The bound of a string does not include any terminating NUL character, so the string
"Hello" will fit into a string of type string<5>. (Many programming languages do not represent strings as NUL-terminated arrays, so the concept of NUL termination does not apply to IDL.)
Most C and C++ ORB implementations ignore bounded strings and treat them as if they were unbounded. This limitation arises because C and C++ do not support bounded strings natively, and emulating bounded string support would result in awkward language mappings. As a C++ programmer, you are made responsible for enforcing the bound at run time.
4.6.5 Booleans
Boolean values can have only the values TRUE and FALSE. IDL makes no requirement as to how these values are to be represented in particular languages nor about the size of a Boolean value.
4.6.6 Octets
The IDL type octet is an 8-bit type that is guaranteed not to undergo any changes in representation as it is transmitted between address spaces. This guarantee permits exchange of binary data so that it is not tampered with in transit. All other IDL types are subject to changes in representation during transmission.
4.6.7 Type any
Type any is a universal container type. A value of type any can hold a value of any other IDL type, such as long or string, or even another value of type any. Type any
can also hold object references or user-defined complex types, such as arrays or structures.

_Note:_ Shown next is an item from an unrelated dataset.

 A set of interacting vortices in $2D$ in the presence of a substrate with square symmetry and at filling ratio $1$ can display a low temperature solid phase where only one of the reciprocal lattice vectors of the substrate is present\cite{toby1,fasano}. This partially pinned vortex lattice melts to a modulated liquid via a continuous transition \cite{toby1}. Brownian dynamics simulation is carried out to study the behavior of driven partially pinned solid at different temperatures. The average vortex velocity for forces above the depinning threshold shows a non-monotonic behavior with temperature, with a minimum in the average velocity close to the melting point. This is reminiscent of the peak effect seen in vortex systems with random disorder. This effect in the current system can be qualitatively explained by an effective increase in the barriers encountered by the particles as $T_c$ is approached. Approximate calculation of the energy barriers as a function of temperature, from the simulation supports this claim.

Type any is useful when you do not know at compile time what IDL types you will eventually need to transmit between client and server. Type any is IDL's equivalent of what in C++ is typically achieved with a void * or a stdarg variable argument list. However, type any is substantially safer because it is self-describing (you can find out at run time what type of value is contained in an any). Manipulation of values of type any
is type-safe; attempts to, for example, extract a float as a string return an error indication. As a result, careless misinterpretation of a value as the wrong type is much less likely than it is with the completely type-unsafe mechanism of using a void *. We look at type any and its C++ mapping in detail in Chapter 15.